Saturday, June 5, 2010

Into the Field

Kathy Randall: Lela, Maseno Division, Kenya
Growing up as a Preacher's Daughter, I have had the opportunity to go
to many funerals and interments. I became accustomed to the routine of
visitation, service, and driving out to the cemetery with the hearse
leading the way. My mother would have us stand at the edges of the
crowd, respectfully silent, even if we did not directly know the
deceased. Today, I was present at my first burial.
Our team arrived to our first homestay yesterday, knowing that today
would be our chance to observe (and participate) in a local burial
service. Last night we went to sleep listening to the amplified
recordings broadcast from the house behind our host's where the wake
was taking place. This morning, we watched our host and a score of
mamas preparing the meal that would be served after the service.

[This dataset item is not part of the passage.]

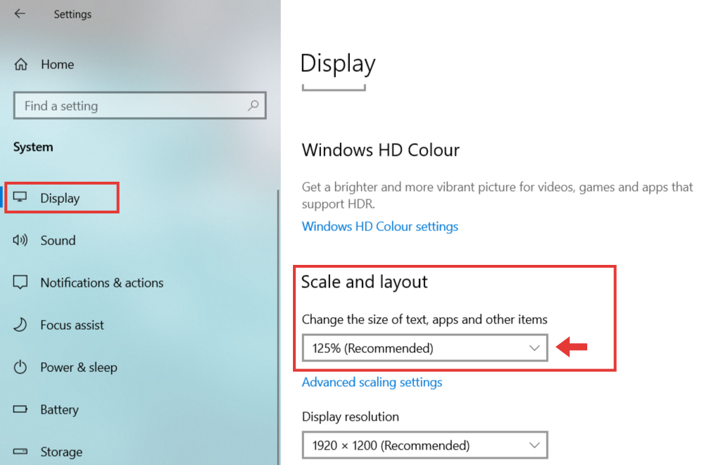 - Change the scaling for the display through your computer’s operating system: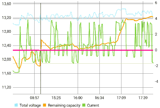 De laadstroom bedraagt nu maximaal 3.9A (terwijl die vroeger met enkel schottky diodes ongeveer 0.5A bedroeg bij warm weer). De ontlaadstroom bedraagt ongeveer 2A als de motor niet draait en -0.6A als de motor draait. Gedurende een deel van de rit was er geen meting (9 tot 15 uur).

Around ten in the morning, we heard the beginning of the testimonies
of those who knew Susana.
Susana was a grandmother suffering from AIDS. Our director, Ellen
Daniels-Howell, had met her once before, and learned some of her
story. Susana and her daughter-in-law lived in their clay house with
the tin roof, working in their shamba (field), raising maize and peas
and other subsistence goods, struggling to survive. The
daughter-in-law (also sick, also a widow) will have to leave the
house, since the property is not traditionally hers. Unfortunately,
our team did not have the opportunity to meet Susana, but we did honor
her today by our presence at her burial.
We went out her backyard around noon, to go observe and listen to the
testimonies. This tradition of eulogy is continuous, with anyone who
desires to speak about the deceased approaches the microphone and
extemporizes for a unset period of time. When we arrived, we were
found seats in the shade, (with the ubiquitous KenPoly chairs), and we
settled down to see what we could see and hear what we might hear.
We listened to the Dhluo testimonies, with periodic spurts of singing
and clapping, watching the crowd grow and watch us. We estimate that
at least three hundred mourners showed up to show their respects for
Susana. After three hours of sitting and watching, we were told that
we should go take our offering up under the tent. We queued with our
shilling notes in hand, and entered the tent. Shuffling and humming
along to the a capella choir, we approached the place where we were to
deposit our offering. The black plastic bowl was placed on the lace
covering the coffin, directly next to the small plexiglass window
directly over Susana's face, allowing us to see her face, preserved in
death.
We returned briefly to our seats in the shade, but soon our guide told
us to come get behind the choir, again inside the tent. We gathered
again, not really knowing exactly what was about to happen (a common
occurrence here). Soon, we began to sing, and move forward in a long
train toward the shamba off to the side. The coffin followed us
closely as we came up to the grave already dug deep.
We continued to sing, and the preachers read from their service books,
and then four young men jumped into the hole, to receive the coffin,
to lower it down to the bottom of the hole. After they lowered it in,
and jumped back out, the preacher shoveled a spade of red clay onto
the lace covered coffin, with the appropriate words (presumably. I
don't know for sure since they, as the complete rest of the service,
were spoken in Dhluo). We prayed. As we continued to sing, the spade
and two hoes were taken up to completely fill in the grave as we
remained standing around the quickly shallowing grave.
Many hands make short work, the young men rotating between the tools
taking a five foot hill and a five foot hole to level ground in about
fifteen minutes. As they worked, periodically ringing the tools
together to shake off packed clay, spare stalks of the maize from the
field Susana is now buried in came in with the dirt. As the hill
vanished, the crowd closed in around the newly covered grave, and a
final chorus was sung. "Going home to Jerusalem" hope and expectation
gathering in as we closed the service with a final prayer.
In all of my experience of Interments, the burying part is the one
that is hidden from view, not part of our cultural experience. Here,
in Kenya, we waited to see the whole process, so that we could be
assured that each this was indeed a circumstance when we enter our
deceased into the fertile soil. To be buried in your own field, out of
necessity or poetry, seems fitting, especially here where their lives
are so closely linked with this land.